Илья Дорогойченко: По-моему, это неразделимые вещи. Христос очень социально активен. Посмотрите, что он делает: он кормит голодных, одевает нагих и исцеляет больных.
Виктор Шендерович: И конфликтует с вертикалью федеральной, между прочим.
Илья Дорогойченко: На самом деле это она конфликтует с ним. Он есть как есть, он есть присутствие чего-то хорошего. А ей-то совсем не это хорошее нужно, этой вертикали, а ей чего-то другое нужно. Поэтому они недоумевают. Он разрушает их сложный мирок, который на самом деле или амбиции, или деньги, что-то такое.
Виктор Шендерович: Слушайте, слово «недоумение» грандиозное в описании источника этого конфликта. Я впервые слышу слово «недоумение» в связи с этим. Это замечательно.
Вероника Боде: «За кого вы будете голосовать на выборах в Госдуму?», – спрашивает наш слушатель, который подписался Добрый.
Виктор Шендерович: Это почти интимный вопрос, но, тем не менее, раз спросили…
Илья Дорогойченко: Вопрос интимный. Вы знаете, перед началом передачи мы говорили о том, что я совершенно аполитичен. Вот абсолютно.
Вероника Боде: Но вы голосуете, тем не менее.
Илья Дорогойченко: Я голосую, я гражданин. Вы знаете, вот как?
Виктор Шендерович: Не хотите, не отвечайте, и перебьется Добрый.
Илья Дорогойченко: А давайте я не будут отвечать на этот вопрос, потому что не хочу и все. Я неполитичен и хочу остаться неполитичным. Потому что мы знаем, что политика – это мошенничество сплошное, вот так или иначе. Это мошенничество над душами – это более страшное мошенничество, чем деньги или вещи какие-то, мы издеваемся над душами. Это гораздо страшнее – то, что происходит вокруг нас. И мне жалко людей. Знаете, в чем жалко? В том, что они тратят себя на эту ахинею. Они тратят столько энергии, столько сил, переживаний, а все это могло бы быть стать добрыми делами реально. Мне все время вспоминаются слова Чехова: господа, давайте делать дело. Не помню, в конце какого произведения.

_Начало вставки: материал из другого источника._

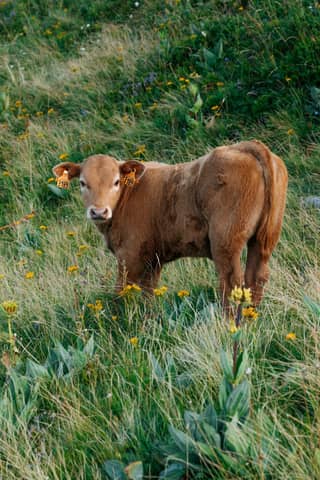 Adorable brown calf standing in a vibrant meadow in the French region of Auvergne-Rhône-Alpes.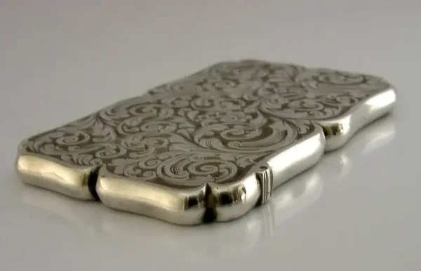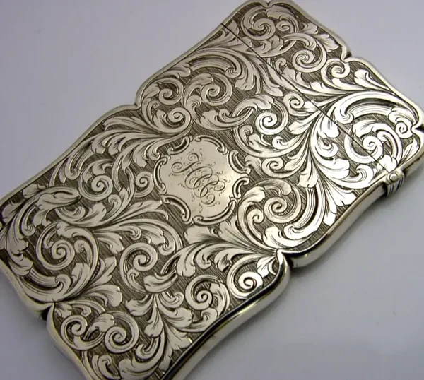STUNNING EDWARD SMITH STERLING SILVER CARD CASE 1855 LEFT HANDED ANTIQUE MINT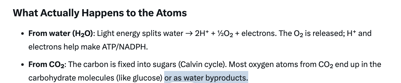 Thusly the oxygen from the CO₂ allegedly ends up in “water byproducts”... And on top of that, the water needs to be split through a very complex process, to extract such oxygen… this logical / efficiency error has not been recognised anywhere, so it seems! Why don’t we simply take the oxygen from the “water byproducts”? The answer is that we already do that and that this is the way it works naturally. No water is being split. Occam’s razor tells us that the plant takes what it needs for starch and frees the oxygen for our breathing (occam’s razor: the oxygen is right there in the CO₂).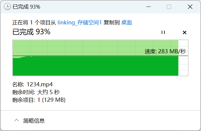 ▲启用SMB多通道前,从NAS中取回文档,此时DX4600 Pro的读取速度为283MB/s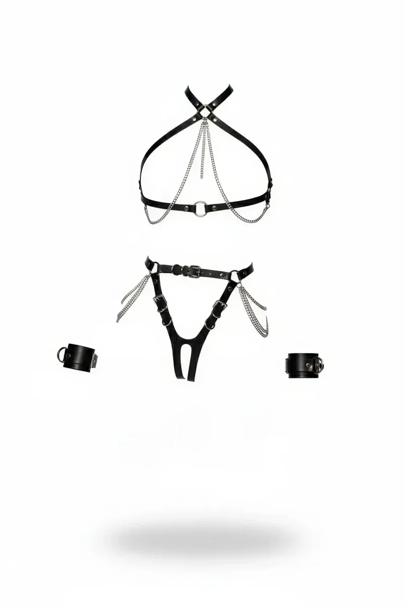 Faux Leather Harness Set with Butt Straps & Cuffs
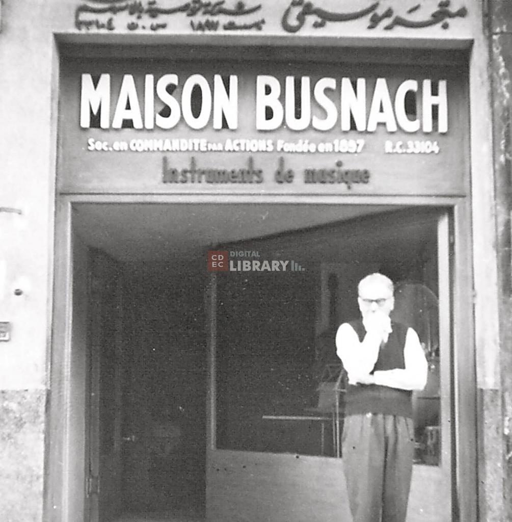 notizie storico-critiche | Abramo Roditi รจ ritratto sulla soglia del negozio di strumenti musicali del cugino Isaiah Busnach (fondato nel 1897), dopo l'ultima ristrutturazione |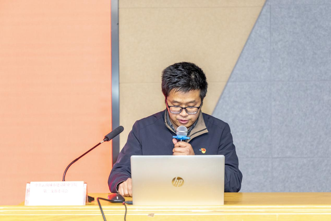 云南城市建设职业学院第二党支部书记黄哲,带领全体党员学习《中国共产党章程》,进一步增强党员身份意识与纪律观念。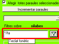 | És l'apartat més important de cara a seleccionar paraules. Des d'aquí podem triar el tipus d'informació que utilitzarem per seleccionar les paraules (nombre se síl·labes, nombre de lletres, categoria semàntica...). Segons quina escollim s'activarà el desplegable inferior ( amb valors relacionats al tipus d'informació escollida) o el camp de text per filtrar (on introduirem criteris de cerca de forma manual). | |||||||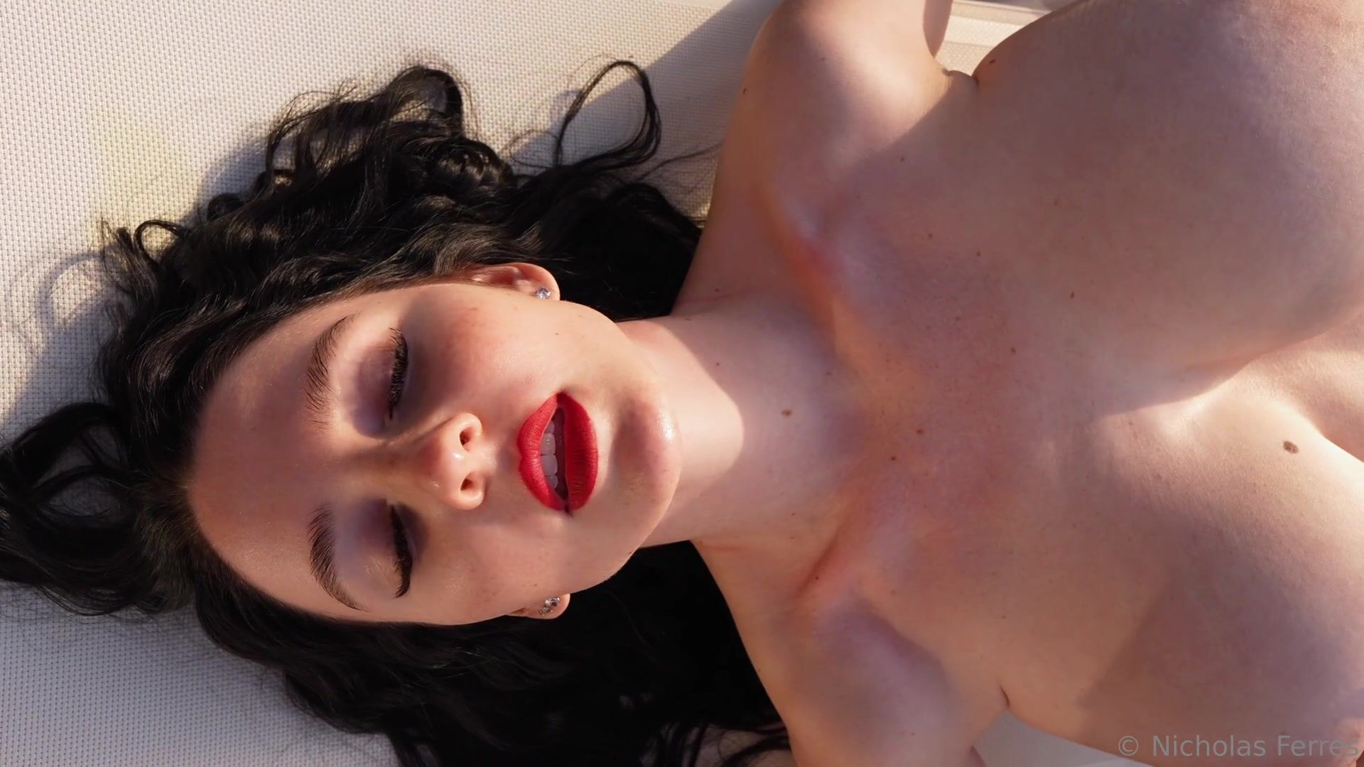 Laurine red bikini poolside strip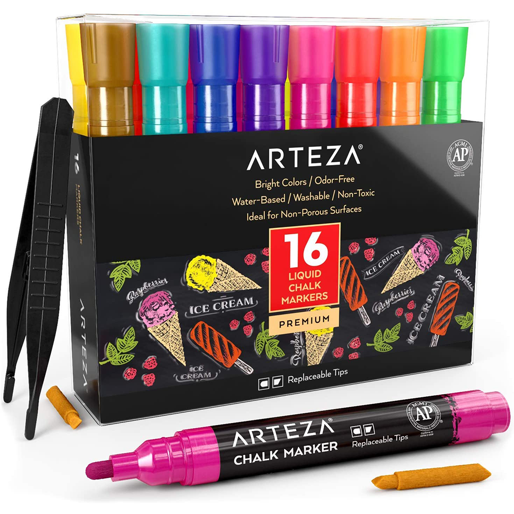 Arteza also offers a variety of liquid chalk marker sets, including pastel colors, metallic colors, and white.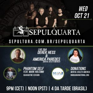 “Neste SepulQuarta estaremos conversando com o talentoso artista Derek Hess, que criou seu próprio estilo de trabalho com fortes conexões no mundo da música. Além disso, temos a America Paredes, da Mental Health America. Exploraremos assuntos sobre a doença mental que existe na indústria da música e como ela se relaciona com questões ainda mais amplas, como depressão, ansiedade e suicídio.” – explica o vocalista Derrick Green.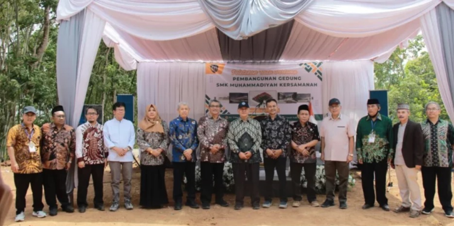 BANDUNGMU.COM, Garut — Pembangunan SMK Muhammadiyah Kersamanah, Garut, Jawa Barat, dilakukan secara keroyokan oleh Rektor Perguruan Tinggi Muhammadiyah (PTM).

Виктор Шендерович: Я вас должен огорчить: это говорит самый страшный пошляк из всех персонажей Чехова – профессор Серебряков.
Илья Дорогойченко: Сколько угодно, но его устами говорит правда – дело надо делать.
Виктор Шендерович: Да, от этого…
Илья Дорогойченко: …хуже не становится смысл.
Виктор Шендерович: Мысль хуже не становится.
Вероника Боде: Звонок. Вероника из Москвы, здравствуйте.
Слушательница: Здравствуйте. Скажите, пожалуйста, в царское время были детские дома в России?
Илья Дорогойченко: Да, конечно.
Слушательница: Были? Вы извините, что я вас перебью. Вам не кажется странным, никогда не замечали, как лица кавказской национальности, будем так говорить, неважно, как они любят своих детей. Мужчины, а не женщины, маленьких детей целуют, обнимают, ласкают. Почему это в христианской, православной этого нет? Чем вы это объясняете? Может быть это с религией как-то связано?
Илья Дорогойченко: Нет, я не согласен с тем…
Виктор Шендерович: Во-первых, кавказские. А что Грузия, Армения – не православные?
Илья Дорогойченко: Это во-первых.
Виктор Шендерович: Видимо, это не прямо коррелируется с православием - это просто традиции горские, это традиции другие, они не связаны никак, я думаю - это мое мнение.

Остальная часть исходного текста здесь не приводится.